Today's Thrifty Thursday tip is a turkey tip! Yes, I know it's not Thanksgiving, but my kids all love turkey, and I'll be making one this weekend.

You don't have to buy an expensive turkey to get a moist, juicy bird. Here's an easy way to get great results on the cheap. BUT it takes a little planning ahead, because the bird has to be completely thawed a whole day before you want to roast it.

1. Go to your nearest Big Box Home Improvement Store (orange or blue, doesn't matter) and buy a 5-gallon bucket with a lid. Wash it out.

2. Buy a store-brand frozen turkey. Nothing fancy needed.

3. Defrost the turkey.

4. Wash the turkey inside and out and make sure you remove all the giblets and other miscellaneous-in-a-bag that comes with the turkey.

5. Put the turkey in the 5-gallon bucket with the tips of the legs sticking up.

6. Sprinkle a cup of kosher (coarse) salt all over the turkey.

7. Pour water over the whole thing and keep adding water until the cavity is filled and there's plenty of water on the outside of the turkey too. Add lots of ice cubes, and cover.

8. Let this sit at least 8 hours or up to 24.

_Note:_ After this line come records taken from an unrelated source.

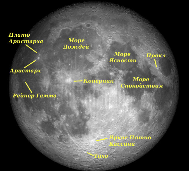 Однако Тихо — не единственный кратер с лучевой системой, видимый в полнолуние. Среди кратеров-гигантов без особого труда можно найти Кеплер, Аристарх и Прокл. Что интересно, Прокл (Proclus) — 29-километровый кратер, расположенный на западной границе Моря Кризисов (Mare Crisium) — в моменты, когда терминатор располагается неподалеку от него, выглядит заурядным и ничем не примечательным. Но под прямым солнечным светом его лучи становятся отчетливо видны. Даже беглый осмотр показывает, что вокруг кратера существует достаточно большая зона, лишенная лучей. Такая аномалия имеет простое объяснение: Прокл сформировался в результате скользящего удара, при котором образовавшее лучи вещество в основном разлетелось по поверхности в направлении полёта тела и лишь немного — по сторонам. Продолжая тему кратеров, имеющих лучевую структуру, давайте взглянем на Коперник (Copernicus). Коперник — гигантский кратер (93 км), окруженный красивым комплексом лучей, которые в сравнении с аналогичными у Тихо менее очевидны и не настолько длинные. Такое различие объясняется разницей в возрасте обоих кратеров. Коперник гораздо старше Тихо, и соответственно, его лучевая система намного дольше подвергается внешним воздействиям и потихоньку исчезает с поверхности Луны. Неподалёку от Коперника располагается ещё она лунная достопримечательность — Аристарх (Aristarchus). Этот кратер — самое яркое лунное образование, видимое с Земли. В обычный бинокль я без труда могу рассмотреть Аристарх как ослепительно яркую точку на лунной, и без того яркой, поверхности. Такая яркость самого кратера и окружающих его лучей говорит о том, что Аристарх — относительно молодое образование, возраст которого оценивается в 500 миллионов лет. Не менее интересно посмотреть на ромбовидное основание, на котором расположился кратер. Плато Аристарха (Aristarchus Plateau) возвышается примерно на 2 километра над окружающим его морем и имеет едва уловимый красноватый оттенок. Проверьте, удастся ли вам его разглядеть? Еще одна яркая деталь на Луне, так называемое Яркое Пятно Кассини, располагается северо-восточнее Тихо. Как следует из названия, впервые внимание научной общественности к этому образованию привлёк Жан Кассини. Многие наблюдатели того времени говорили о некоем таинственном «белом облаке», которое можно наблюдать вблизи полнолуния. Правда, позже выяснилось, что «белое облако» вовсе не облако, а совершенно обычный молодой кратер диаметром 3 км, имеющий крошечную систему лучей. Теперь поставьте увеличение побольше и внимательно осмотрите южный край Луны. Видите выступающие неровности на краю диска? Это типичные лунные горы, которые в действительности представляют собой больше холмы. Полнолуние — хорошее время для общего изучения лунных морей. В небольшой бинокль отчетливо видно, что моря, как и другие кратеры, имеют более или менее округлую форму. Около 4 миллиардов лет назад Луна находилась под жесткой бомбардировкой крупными астероидами и кометами, благодаря чему и образовались кратеры. Но среди тысяч врезавшихся в Луну больших и маленьких глыб было несколько поистине гигантских, которые оставили шрамы на её поверхности диаметром не в одну сотню километров. Затем раскаленная лава медленно заполняла эти воронки и, застыв, образовала то, что мы сейчас называем лунными морями. На первый взгля
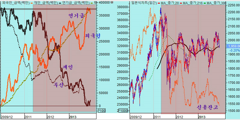 이렇게 변동이 축소되었기 때문에 변동을 이용하여 매매차익을 구하는 개인투자자들이 수익을 내기 어려워지면서 시장을 이탈하고 있다. 그 결과 주식은 직접 투자를 하거나 투신에 맡겨 간접투자를 하는 개인이 주식을 팔고 외국인과 연기금이 주식을 사는 손바꿈이 활발하다.
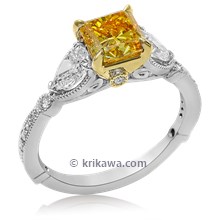 Shown in 18k yellow gold with oval cut 2-carat lab-grown diamond and two pear-shaped lab-diamonds.

9. Remove directly to your roasting pan. Don't wash the turkey again. It was clean before you did the brining part.

10. Roast as usual!

Now if you want to get all complicated, Alton Brown does a brined turkey with lots of spices and stuff. But unless you have all of those in your house already, it's not a thrifty turkey. This way works just as well.